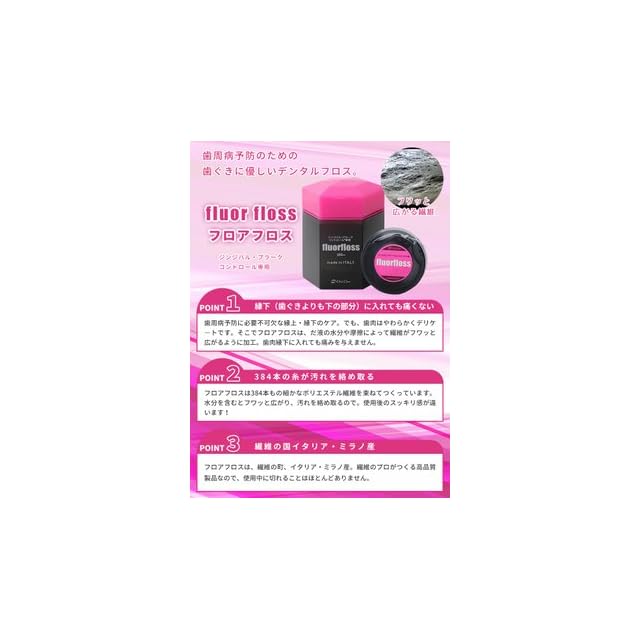 特徴:縁下に入れても痛くない 。384本の糸が汚れを絡め取る 。繊維の国イタリア、ミラノ産 長さ:250m 素材: 糸:ポリエステル、ワックス カラー: 白(糸) 生産国:イタリア メーカー: 株式会社オーラルケア
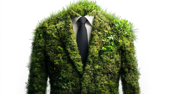 businessman's suit crafted from lush grass and moss symbolizes the fusion of nature and industry, sustainability, and eco-friendly business practices, blending modernity with green values
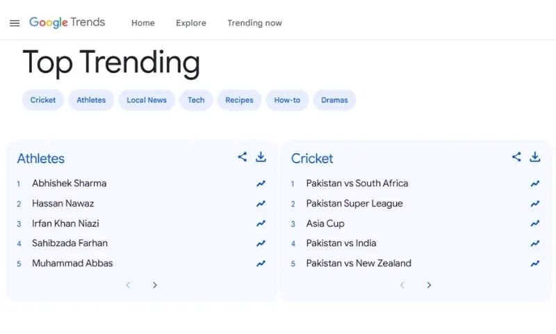 پاکستان میں کرکٹ سے متعلق سب سے زیادہ سرچ کیے جانے والے موضوعات میں بھی حیران کن رجحان سامنے آیا ہے، جہاں ’پاکستان بمقابلہ جنوبی افریقا‘ نے پاکستان سپر لیگ اور ایشیا کپ کو بھی پیچھے چھوڑ دیا۔
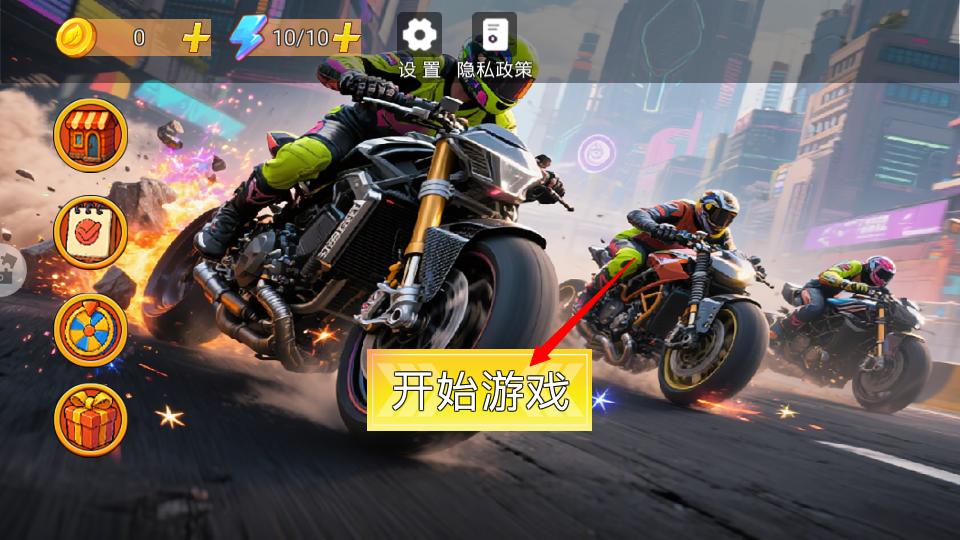 3、硬核駕駛體驗:采用真實物理引擎,摩托車會因地形變化而發(fā)生傾斜,需要精準控制方向完成漂移過彎。
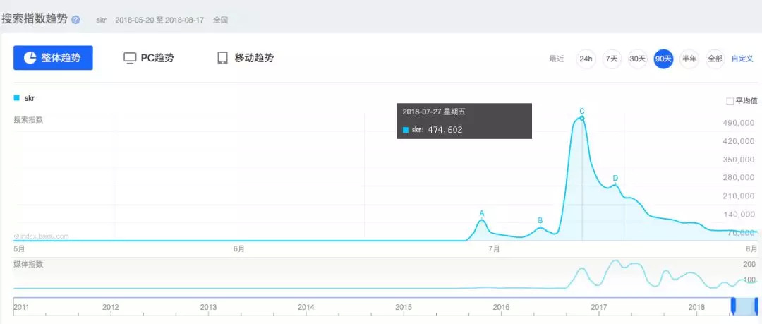 与去年的freestyle一样,今年的skr依然引爆全网,甚至在传播上的灵活性比freestyle更胜一筹,内容的多样性使得skr知名度更广。据百度指数,skr一词在7月27日的搜索量超过47万,其资讯指数在28日迎来暴风式增长,超过120万。
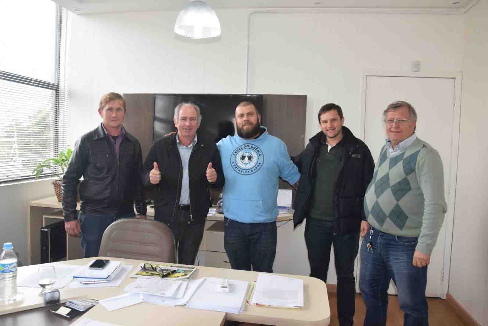 O representante do Consulado do Grêmio em São Lourenço do Sul, Gustavo Hammes, esteve nesta quinta-feira (8) no gabinete do prefeito Rudinei Harter para convidar para o jantar de aniversário do consultado, que será no dia 16 de junho às 20h na AABB.
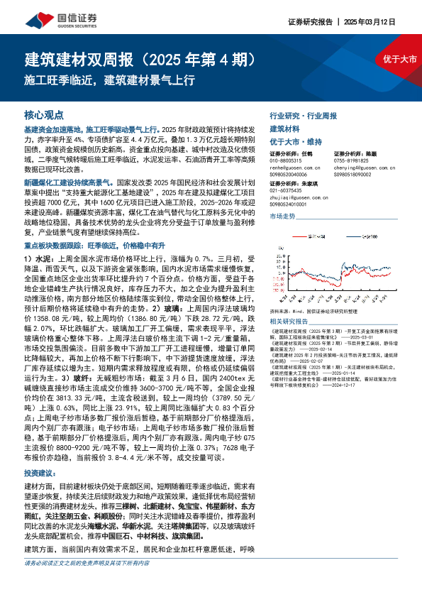 建筑建材 政策资金 施工旺季 水泥价格 玻璃市场
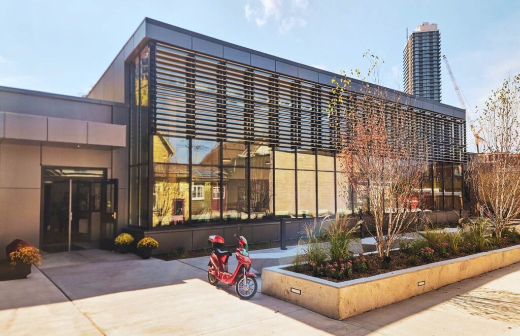 Adaptive and sensitive reuse of the warehouse building maintains the industrial aesthetic of the neighbourhood. In recreating the site, we followed conservation practices to ensure the heritage of the building was respected
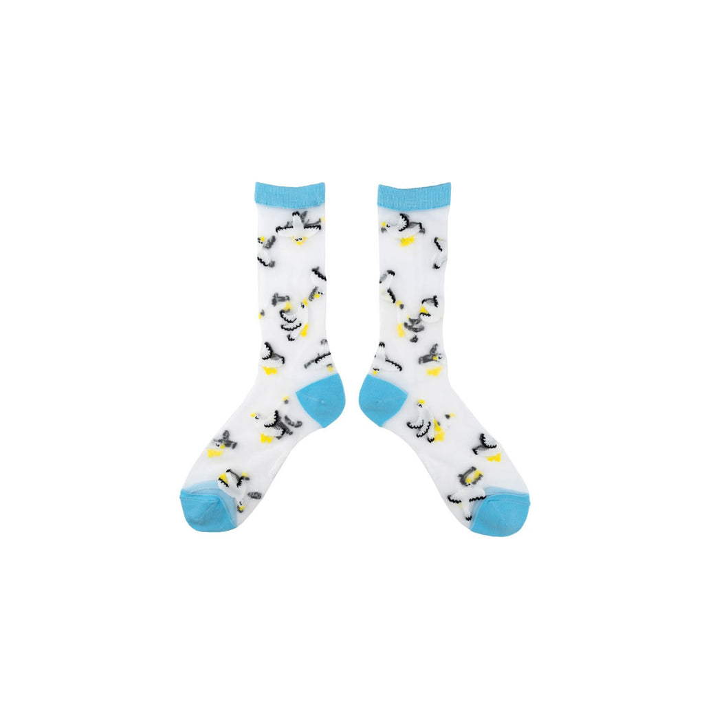 Une bande de joyeuses mouettes pour décorer cette paire de chaussettes transparentes. Même si ce bestiau nous pique nos frites en été, on l’adore pour son chant qui nous donne instantanément l’impression d’entendre la mer et d’être en vacances.
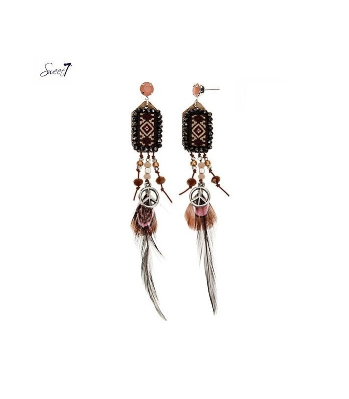Geef je outfit een bohemian touch met deze prachtige bruine oorhangers van Sweet7. De oorbellen zijn voorzien van een mix van kralen, bedels en veren, waardoor ze perfect passen bij de boho trend. Deze oorhangers zijn echte eyecatchers en geven jouw look net dat beetje extra.
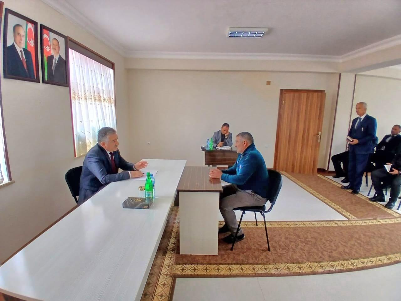 Şahbuz Rayon İcra Hakimiyyətinin başçısı Rəfael Babayev rayonun idarə, müəssisə və xidmət sahələrinin rəhbərlərinin iştirakı ilə Yuxarı Qışlaq kəndinin sakinlərini növbəti dəfə fərdi qəbul edib, müraciətlərini dinləyib.
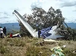 The 2009 Aviastar British Aerospace 146 crash occurred on April 9, 2009, when a British Aerospace 146 (BAe 146) crashed into Pikei Hill during a ferry flight from Sentani Airport to Wamena Airport, both in Indonesia's Papua province. All 6 crew members were killed. The aircraft was carrying voting paper to Wamena as well as several other goods, as a parliamentary election was held in the month. The wreckage was found in Pikei Hill, Tengah Mountain, Tangma, Yahukimo District.[1]
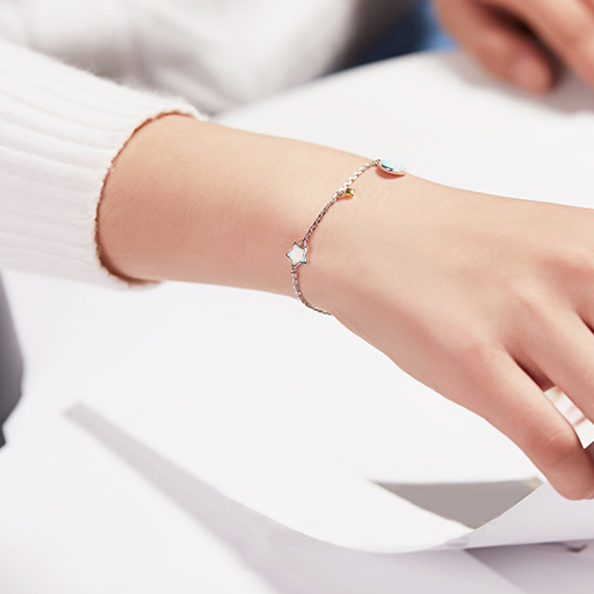This Opal Moon & Star Charm Bracelet by YFN is an enchanting accessory that captures the mystique of the celestial realm. The sterling silver bracelet, plated in white gold, features a charming moon and star motif, beautifully accented by a mesmerizing opal centerpiece that displays a unique play of colors. This piece is perfect for the woman who appreciates elegance and a touch of whimsy, offering a lustrous, sophisticated look for any occasion.
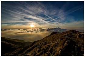 Breathtaking sunrise over mountains with dramatic clouds and clear sky.
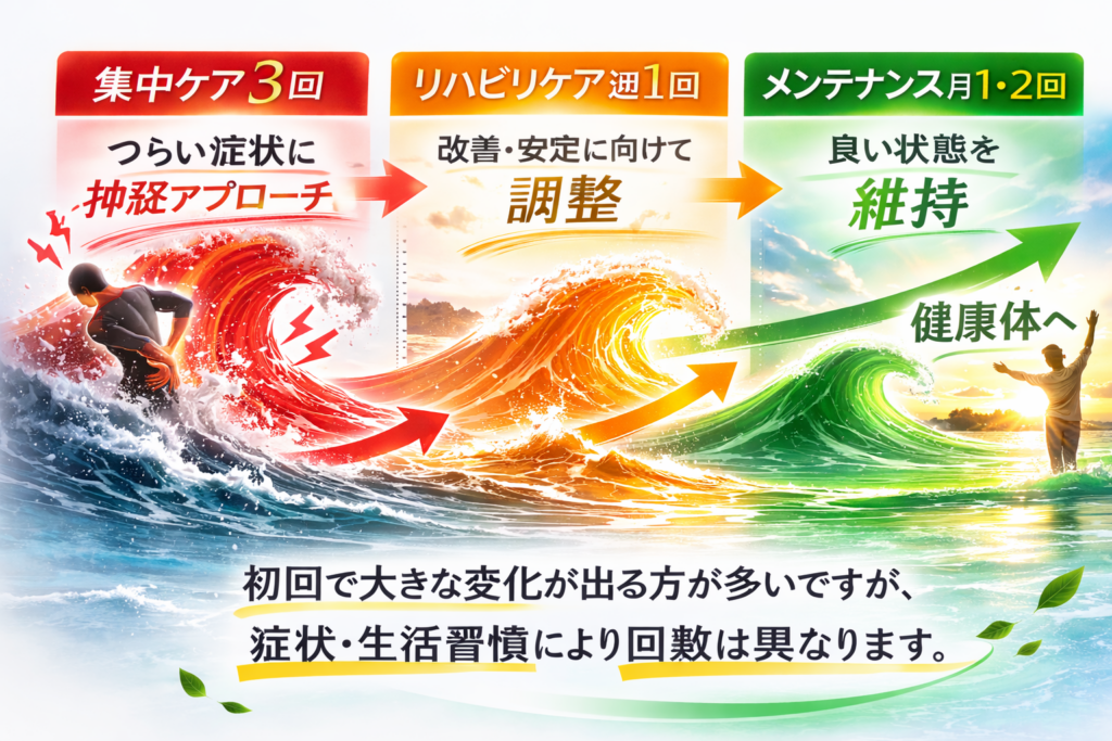 痛みがある場合は集中ケア3回連続、リハビリケアは週1回、メンテナンスは月に1~2回の通院を推奨していますが、症状や個人差によって異なります。
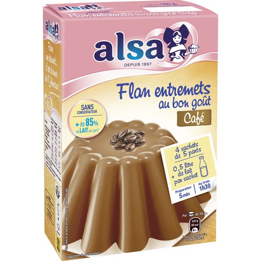 Un nouveau parfum dans la gamme de flan entremets Alsa ! Découvrez le délicieux flan entremets Alsa au bon goût café, un super dessert source de calcium grâce à sa recette enrichie en minéraux du lait..
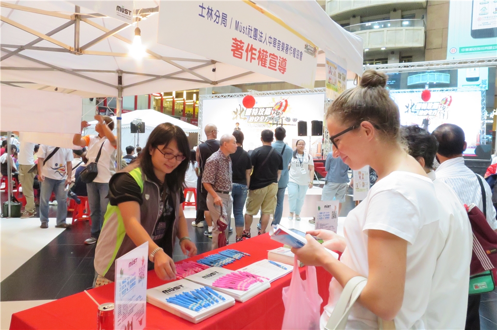 8月23日MÜST派員參與士林分局所舉辦之「104年犯罪預防日嘉年華園遊會」,並於現場設攤,發放著作權DM文宣品,宣導音樂著作權及MÜST所管理之三大權利,並邀請民眾參與掃描QR Code協會臉書粉絲團打卡按讚活動。
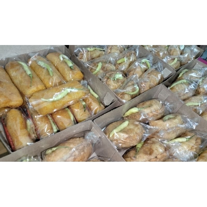 risol dengan isian roghout (kentang, wortel, ayam) ditambah potongan telur rebus.
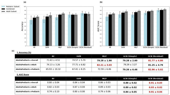 For completeness, the overall classification accuracies of the models of the adult-enriched pediatric dataset are presented in Figure 2 for the overall testing set and the sub-sets of adult and pediatrics. Overall, the GCN models demonstrate the strongest performance across accuracy and AUC metrics. Notably, the multi-layer perceptron also exhibits strong classification ability under this training approach.
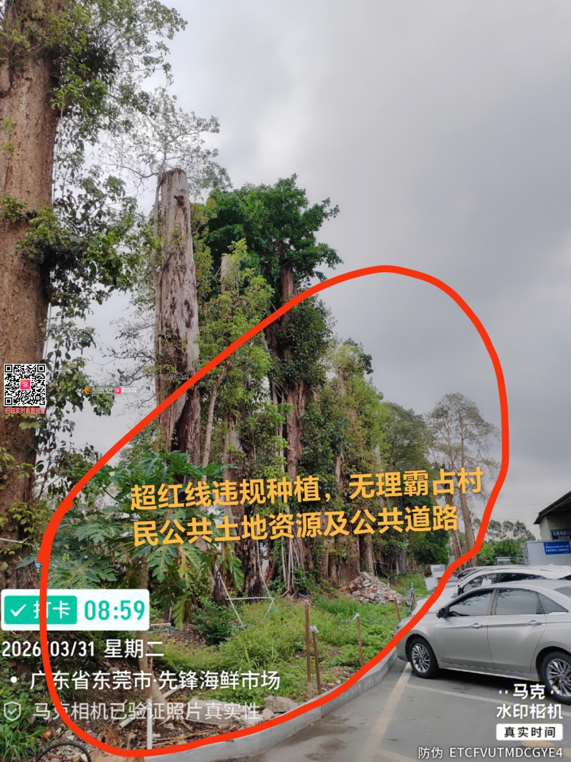 尊敬的市城管局领导: 现检举投诉权属人为:东莞市中驳港务有限公司、广东海建港务有限公司、东莞市中爱联砂石有限公司的花场参天大树20多年来一直超红线范围违规种植,无理霸占先锋村土地道路,严重侵害村民土地利益及当地发展规划。多年来,无视当地镇府执法机关部门,丝毫未损,长期在先锋村形成一股“土匪恶霸”黑势力,雄霸一方,愚弄全体村民土地利益,天理不容,我们全体村民万分厌恨,申诉无方!希当地政府及上级部门重视,重拳出击,挽回村民利益,伸张正义,还先锋村一片蓝天!谢
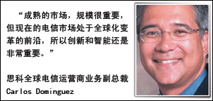 而當年使年輕的Volpi倍感溫暖的Dominguez,對兒童教育事業(yè)情有獨鐘,有著一半華裔血統(tǒng)的他,看上去非常親切。作為思科全球電信業(yè)務的負責人,中國市場對他來說稔熟心間,對于國內(nèi)運營商在服務提供和業(yè)務方面的變化,他感觸頗深:“中國運營商對細分市場,例如企業(yè)級市場、中小企業(yè)市場、消費者市場等,都有深刻的了解。另外他們也期待更高水平以及更豐富的業(yè)務,比如說外包服務、安全服務、ICP服務以及IP電話服務!
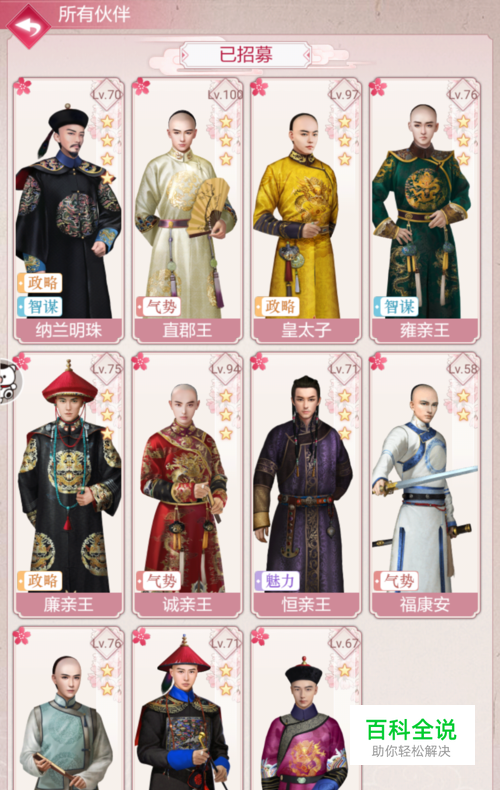 第二步:在伙伴界面,选择要设置为管事的伙伴,这里选择直郡王。
--- --- ---
- How to complete this task
Leaving every picture aside, reproduce exactly the lines above from the one with "This Opal Moon" up to and including the one with "risol dengan isian", and no others.

- Result below
This Opal Moon & Star Charm Bracelet by YFN is an enchanting accessory that captures the mystique of the celestial realm. The sterling silver bracelet, plated in white gold, features a charming moon and star motif, beautifully accented by a mesmerizing opal centerpiece that displays a unique play of colors. This piece is perfect for the woman who appreciates elegance and a touch of whimsy, offering a lustrous, sophisticated look for any occasion.
 Breathtaking sunrise over mountains with dramatic clouds and clear sky.
 痛みがある場合は集中ケア3回連続、リハビリケアは週1回、メンテナンスは月に1~2回の通院を推奨していますが、症状や個人差によって異なります。
 Un nouveau parfum dans la gamme de flan entremets Alsa ! Découvrez le délicieux flan entremets Alsa au bon goût café, un super dessert source de calcium grâce à sa recette enrichie en minéraux du lait..
 8月23日MÜST派員參與士林分局所舉辦之「104年犯罪預防日嘉年華園遊會」,並於現場設攤,發放著作權DM文宣品,宣導音樂著作權及MÜST所管理之三大權利,並邀請民眾參與掃描QR Code協會臉書粉絲團打卡按讚活動。
 risol dengan isian roghout (kentang, wortel, ayam) ditambah potongan telur rebus.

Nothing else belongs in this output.